PROBLEM: Reproduce only the lines that run from the line with "Carte tirée du" to the last line of the material, both ends included, exactly as they appear.

◆ ◆ ◆ ◆ ◆

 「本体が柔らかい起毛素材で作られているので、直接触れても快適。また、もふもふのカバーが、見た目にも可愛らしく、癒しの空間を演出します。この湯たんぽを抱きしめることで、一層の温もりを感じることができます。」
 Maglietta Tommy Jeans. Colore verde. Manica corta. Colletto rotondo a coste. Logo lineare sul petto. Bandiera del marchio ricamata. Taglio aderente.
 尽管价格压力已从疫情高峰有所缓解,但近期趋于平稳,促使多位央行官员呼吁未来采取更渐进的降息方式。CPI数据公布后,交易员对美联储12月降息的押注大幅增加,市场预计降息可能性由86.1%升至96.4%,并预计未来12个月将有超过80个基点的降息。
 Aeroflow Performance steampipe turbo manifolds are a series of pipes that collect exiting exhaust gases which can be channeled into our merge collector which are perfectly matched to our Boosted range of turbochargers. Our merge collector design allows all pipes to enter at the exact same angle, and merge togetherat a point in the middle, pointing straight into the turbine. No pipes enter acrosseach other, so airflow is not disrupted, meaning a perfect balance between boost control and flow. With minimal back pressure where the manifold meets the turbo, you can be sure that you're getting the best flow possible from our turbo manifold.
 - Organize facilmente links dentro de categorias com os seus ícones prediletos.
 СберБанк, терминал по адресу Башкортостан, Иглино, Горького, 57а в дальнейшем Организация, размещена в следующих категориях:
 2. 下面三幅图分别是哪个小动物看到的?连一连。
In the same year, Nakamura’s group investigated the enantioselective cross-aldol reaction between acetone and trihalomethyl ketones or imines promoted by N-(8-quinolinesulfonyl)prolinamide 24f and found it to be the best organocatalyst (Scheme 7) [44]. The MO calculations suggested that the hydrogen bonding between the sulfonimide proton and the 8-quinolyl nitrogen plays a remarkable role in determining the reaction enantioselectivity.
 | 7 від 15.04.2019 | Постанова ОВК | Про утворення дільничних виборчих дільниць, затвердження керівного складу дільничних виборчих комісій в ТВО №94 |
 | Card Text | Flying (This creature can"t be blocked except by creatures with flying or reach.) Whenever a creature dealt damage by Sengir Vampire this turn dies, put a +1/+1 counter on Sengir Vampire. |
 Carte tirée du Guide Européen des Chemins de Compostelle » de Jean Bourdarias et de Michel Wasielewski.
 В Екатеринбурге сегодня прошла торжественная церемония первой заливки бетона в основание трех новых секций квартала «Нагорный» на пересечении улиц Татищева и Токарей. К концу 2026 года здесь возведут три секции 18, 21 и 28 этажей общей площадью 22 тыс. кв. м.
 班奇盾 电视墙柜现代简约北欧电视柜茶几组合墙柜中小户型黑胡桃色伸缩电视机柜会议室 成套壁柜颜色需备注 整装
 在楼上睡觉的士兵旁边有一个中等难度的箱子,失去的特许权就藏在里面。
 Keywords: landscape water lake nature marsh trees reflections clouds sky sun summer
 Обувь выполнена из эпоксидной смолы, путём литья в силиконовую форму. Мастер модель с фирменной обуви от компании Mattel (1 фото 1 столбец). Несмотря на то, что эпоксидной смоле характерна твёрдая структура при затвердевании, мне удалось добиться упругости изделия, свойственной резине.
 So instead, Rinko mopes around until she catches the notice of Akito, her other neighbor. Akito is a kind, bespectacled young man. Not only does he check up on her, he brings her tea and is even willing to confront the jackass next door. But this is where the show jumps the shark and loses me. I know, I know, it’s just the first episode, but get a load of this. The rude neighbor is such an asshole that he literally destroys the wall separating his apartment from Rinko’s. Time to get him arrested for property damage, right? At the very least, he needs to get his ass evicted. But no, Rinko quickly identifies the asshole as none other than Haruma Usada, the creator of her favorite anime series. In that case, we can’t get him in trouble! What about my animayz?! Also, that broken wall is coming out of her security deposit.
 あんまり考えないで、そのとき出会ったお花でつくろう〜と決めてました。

◆ ◆ ◆ ◆ ◆

RESPONSE TO THIS EXERCISE:
 Carte tirée du Guide Européen des Chemins de Compostelle » de Jean Bourdarias et de Michel Wasielewski.
 В Екатеринбурге сегодня прошла торжественная церемония первой заливки бетона в основание трех новых секций квартала «Нагорный» на пересечении улиц Татищева и Токарей. К концу 2026 года здесь возведут три секции 18, 21 и 28 этажей общей площадью 22 тыс. кв. м.
 班奇盾 电视墙柜现代简约北欧电视柜茶几组合墙柜中小户型黑胡桃色伸缩电视机柜会议室 成套壁柜颜色需备注 整装
 在楼上睡觉的士兵旁边有一个中等难度的箱子,失去的特许权就藏在里面。
 Keywords: landscape water lake nature marsh trees reflections clouds sky sun summer
 Обувь выполнена из эпоксидной смолы, путём литья в силиконовую форму. Мастер модель с фирменной обуви от компании Mattel (1 фото 1 столбец). Несмотря на то, что эпоксидной смоле характерна твёрдая структура при затвердевании, мне удалось добиться упругости изделия, свойственной резине.
 So instead, Rinko mopes around until she catches the notice of Akito, her other neighbor. Akito is a kind, bespectacled young man. Not only does he check up on her, he brings her tea and is even willing to confront the jackass next door. But this is where the show jumps the shark and loses me. I know, I know, it’s just the first episode, but get a load of this. The rude neighbor is such an asshole that he literally destroys the wall separating his apartment from Rinko’s. Time to get him arrested for property damage, right? At the very least, he needs to get his ass evicted. But no, Rinko quickly identifies the asshole as none other than Haruma Usada, the creator of her favorite anime series. In that case, we can’t get him in trouble! What about my animayz?! Also, that broken wall is coming out of her security deposit.
 あんまり考えないで、そのとき出会ったお花でつくろう〜と決めてました。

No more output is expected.